“…the standard of daily life among professing Christians in this country has been gradually failing. I’m afraid that Christ-like charity, kindness, good-temper, unselfishness, meekness, gentleness, good-nature, self-denial, zeal to good, and separation from the world, are far less appreciated than they ought to be. The vast increase of wealth in the last 25 years has insensibly introduced a plague of worldliness, and self-indulgence, and love of ease into social life. What were once called luxuries are now comforts and necessaries, and self-denial and enduring hardness are consequently little known” – says J.C. Ryle in the middle of the 1800. If Ryle felt this way 150 years ago, what could we write about today’s Christianity which is saturated with secularism more than any generation of Christians before? Today’s Christianity is soaked with the values and practices of the world!
But the command of 1Pt 1:6 is valid today, too: “you shall be holy, for I am holy“. This command doesn’t give us room to be passive or to be ignorant, but it requests an action. Holiness is active. Ryle says this: “Is it wise to teach believers that they ought not to think so much of fighting and struggling against sin, but ought rather to “yield themselves to God” and be passive in the hands of Christ? I doubt it. A holy violence, a conflict, a warfare, a fight, a soldier’s life, a wrestling, are spoken of as characteristic of the true Christian.”
Holiness is a required opportunity.
Opportunity – because it is only available to those who are described by Peter this way: “obtaining the outcome of your faith, the salvation of your soul”. (1:9) The opportunity to live a holy life is open for those who obtained salvation. We don’t pursue holiness to receive salvation, but because we are saved, we have an opportunity to live a holy life.
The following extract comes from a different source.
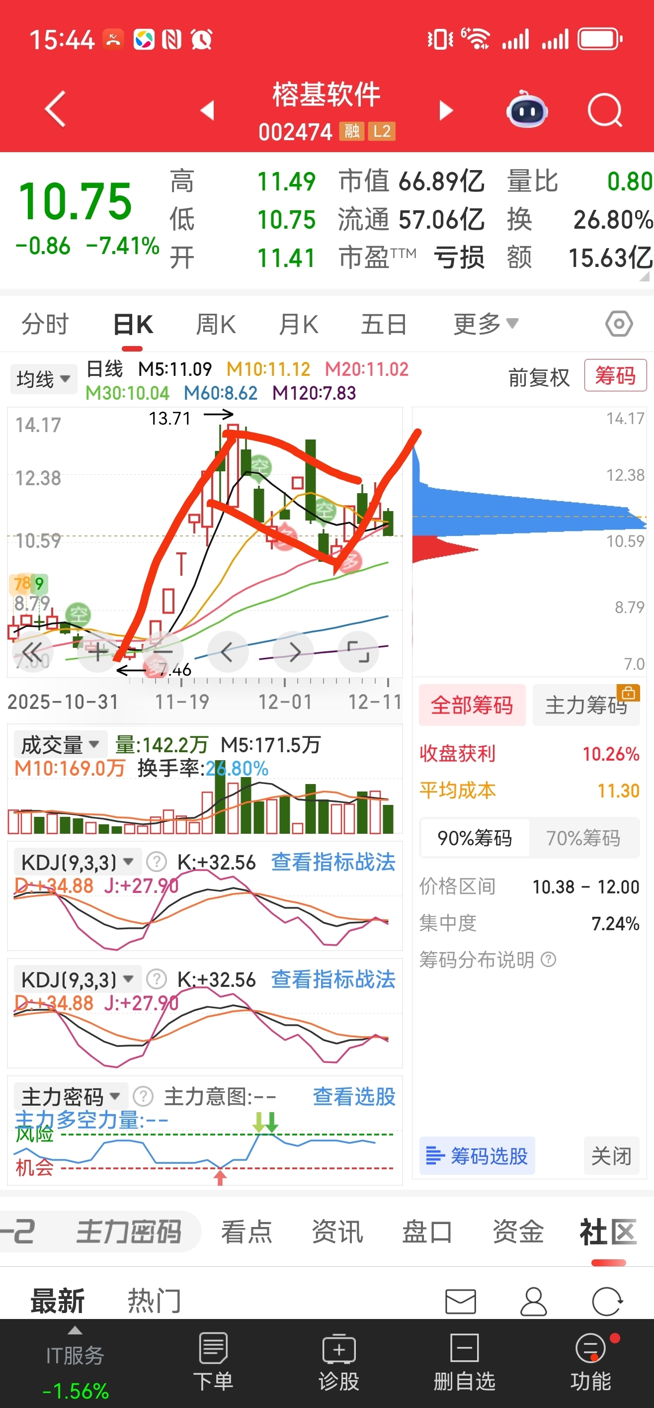 $榕基软件(SZ002474)$ 对是不是啊,走这个形态不啊,观察观察在

Required – “I doubt, indeed, whether we have any warrant for saying that a man can possibly be converted without being consecrated to God.” – says Ryle. The security of salvation by grace doesn’t release us from the requirement of pursuing holiness. A true Christian has an ongoing desire to live a pure life. Although our salvation is by grace through faith, Peter warns us that God “judges impartially according to each one’s deeds.” (1:14b)
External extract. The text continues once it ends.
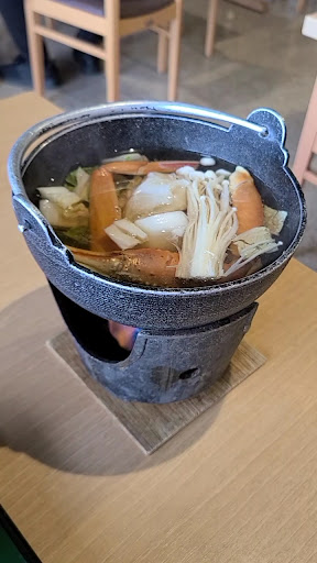 2023年12月 カニのシーズン到来。AM11:00オープンしてすぐに食券を買い入る。 カニカニ丼DX(今だけ蟹脚一本追加)¥2200を頼んでみた。一緒に行った家族はカニが駄目(アレルギー)のため、あさり飯定食¥1000。他にプリン¥500を購入。 カニカニ丼DXは、ミニカニ鍋とカニ味噌豆腐がついていた。 最初にミニカニ鍋が運ばれてくる。テーブルで固形燃料に火がつけられる。カニが生なのでカニの色が変わったらひっくり返して両面色が変わったら食べてくださいとのこと。 暫くしてカニ丼が到着。カニ脚3本とほぐし身、カニ味噌(甲羅に入っている)。食べ方は好きずきだと思うが、まずカニ味噌を醤油に溶いて丼全体に回し掛けする。 カニ脚3本ボイルだと思っていたが生ガニでした。美味しいな。カニ味噌豆腐ば微妙な味。 ミニカニ鍋も、親ガニの味噌汁のほうが味濃厚で美味しいんだけどなぁ。 でもカニ丼は最高に美味しかったです。 あさり飯定食は安定の旨さだったとのこと。 プリンはクリスマス仕様でした。 ここのプリン相変わらずエエとこのコな味がします。しっかりプリンです。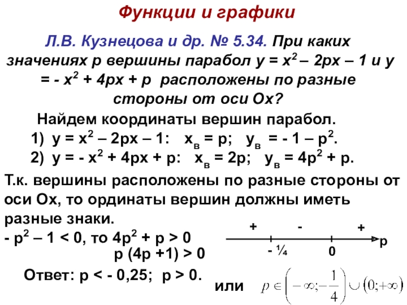 y = x2 – 2px – 1: хв = p; yв = - 1 – р2.

Peter gives us three helpful, practical steps to help us to live a holy life:
1. “Preparing your minds for action…” – our mind directs our actions.
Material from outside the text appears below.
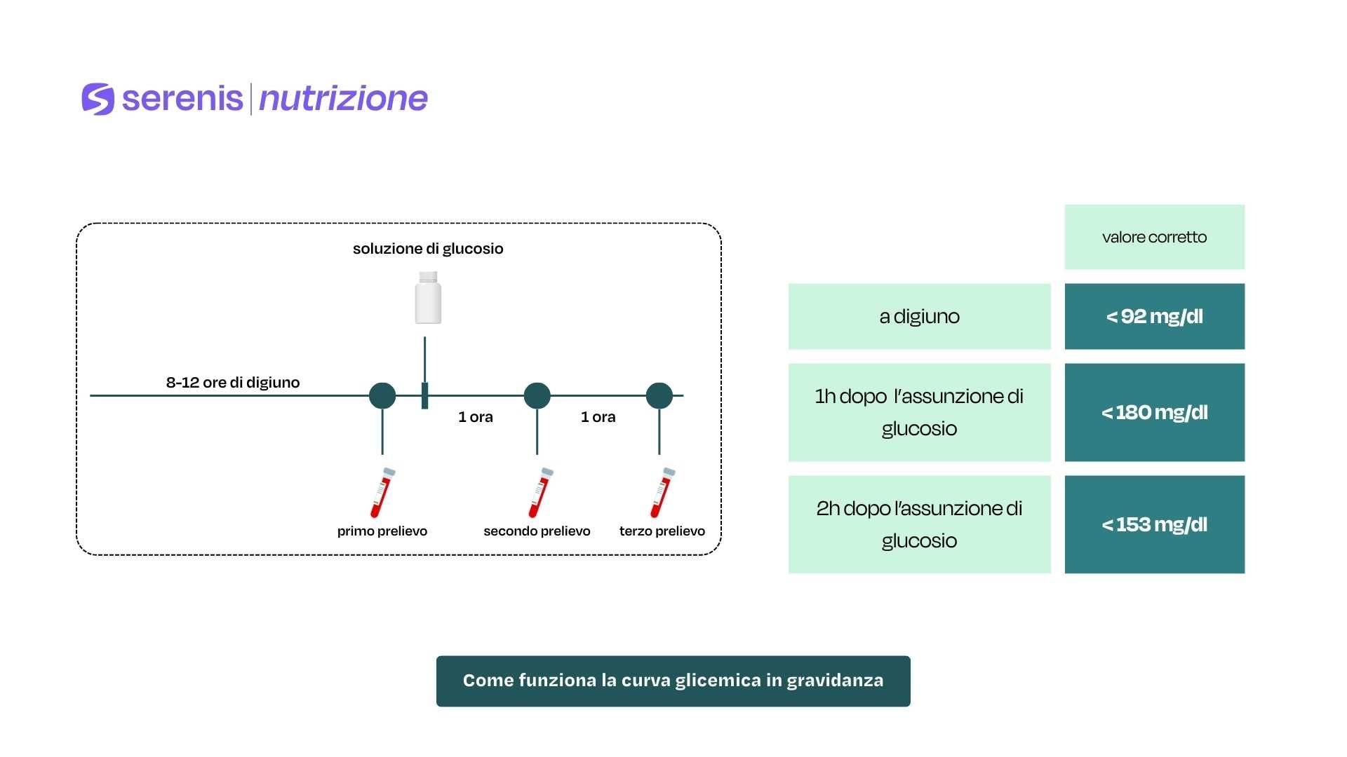 I valori ideali per la curva glicemica in gravidanza variano a seconda del momento in cui vengono misurati durante il test:

The battle over holiness won in our mind – not in our feelings. We decide what kind of information and values we allow to become our convictions. And we know that our conviction guides our actions. Whatever we fill our minds with, that’s what we become. That’s why Peter tells us what kind of knowledge we need to absorb: “knowing (not feeling) that you were ransomed from the futile ways inherited from your forefathers, not with perishable things… but with the precious blood of Christ…”(1:18) The real knowledge of our sin and salvation is what helps us to pursue holiness. As Ryle writes: “Wrong views about holiness are generally traceable to wrong views about human corruption. …right knowledge of sin lies at the root of all saving Christianity.” The more we see how much our inherited deadly disease (sin) hurts God’s basic characteristic, His Holiness, the more we will want to pursue holiness in our everyday life. The growing knowledge in the truth about our own state and about God’s person is the very first step that leads us to live a holy life. Holiness starts with recognizing our disgusting, sinful nature and continues with the recognition of God’s pure holiness.
2. “…set your hope fully…” – our conviction about our future determines our deeds in the present.
The lost person lives in the slavery of his/her past. The saved is freed by his/her future. While the lost person’s present is determined by his/her past, the saved person’s present is determined by his/her future. We, Christians, live in the present from our future. Our hope in our future changes our present. Because we set our hope fully in the future we have, that’s why we will not live determined by our past. It is a great motivator for holiness to look ahead to the grace we will get when Christ comes back. But also it is a great motivator if we look ahead to the account we need to give when He comes back. Both the thankful heart and the fearful heart should motivate us to live a holy life. “Conduct yourself with fear…” – says Peter. There is a place for the fear of God. God is good, but He is holy. We should be fearful to commit sin.
3. “…do not be conformed to the passions of your former ignorance…” – in order to leave behind the old sin we need to set new patterns, determine clear boundaries and make firm decisions.
Peter uses a graphic expression here: we shouldn’t slick to the shape of the world and of our old desires. The world and our flesh has a shape, a form with it’s values, customs, deeds, desires, thinking, arguing, etc. That’s the old shape. We should not slick into that form. We have a new shape, a new form that we need to be conformed to: the shape of Christ. We need to have new customs, new values, new ways of having fun, new ways of saying things, new ways of thinking, arguing, etc. The new pattern, the new shape, the new model is God’s holiness. Slick to that. The hardest daily battle in living a holy life is when we have to take each of our old customs, habits, practice, behaviors, etc. and weigh them on the measure of God’s holiness. And with each we need to make a decision and set boundaries that we will not follow the old practice and habits, but develop new ones. Developing godly practices is the practical daily step of holiness.
What would it be like if we would really life a holy life? We should live it, because we can live it!